A method for analyzing non-asymptotic guarantees of numerical discretizations of ergodic SDEs in Wasserstein-2 distance is presented by Sanz-Serna and Zygalakis in ``Wasserstein distance estimates for the distributions of numerical approximations to ergodic stochastic differential equations". They analyze the UBU integrator which is strong order two and only requires one gradient evaluation per step, resulting in desirable non-asymptotic guarantees, in particular $\mathcal{O}(d^{1/4}\epsilon^{-1/2})$ steps to reach a distance of $\epsilon > 0$ in Wasserstein-2 distance away from the target distribution. However, there is a mistake in the local error estimates in Sanz-Serna and Zygalakis (2021), in particular, a stronger assumption is needed to achieve these complexity estimates. This note reconciles the theory with the dimension dependence observed in practice in many applications of interest.

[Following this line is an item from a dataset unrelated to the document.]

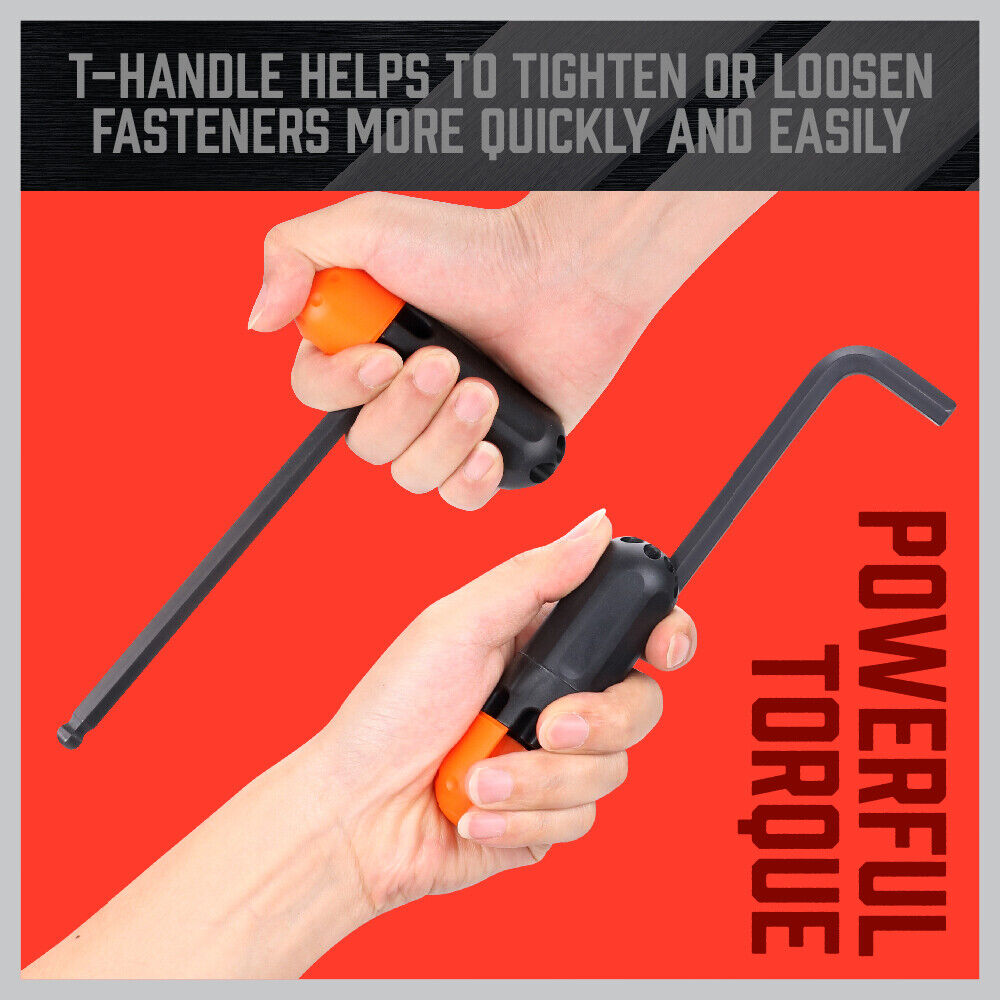 Introducing our 36-Piece Hex Key and Tamper Proof Torx Key Set, designed to meet all your fastening needs. Made from heat-treated S2 steel with a manganese phosphate finish, these keys are durable and built to last. The set includes both metric and imperial sizes, with chamfered ends for smooth insertion and reduced wear. The color-coded housing provides instant measurement identification, and the hinged case opens flat for easy access and visibility. The T-handle design allows for quick and efficient tightening or loosening of fasteners, while the ball hex ends enable a 25-degree entry angle for reaching around obstacles. The set also includes temper-proof Torx wrenches and a universal handle for added versatility. Conveniently arranged in a cloth bag, this set is suitable for various working environments.

翻译：Sanz-Serna与Zygalakis在《Wasserstein距离估计：遍历随机微分方程数值逼近的分布》一文中提出了一种分析方法，用于研究遍历随机微分方程数值离散化在Wasserstein-2距离下的非渐近保证。他们分析了强二阶且每步仅需一次梯度评估的UBU积分器，该积分器具有理想的非渐近性质，特别地，仅需$\mathcal{O}(d^{1/4}\epsilon^{-1/2})$步即可使Wasserstein-2距离达到目标分布的$\epsilon>0$邻域内。然而，Sanz-Serna与Zygalakis（2021）的局部误差估计存在缺陷：实现上述复杂度估计需要更强的假设条件。本文旨在调和该理论结果与诸多实际应用中观察到的维度依赖关系。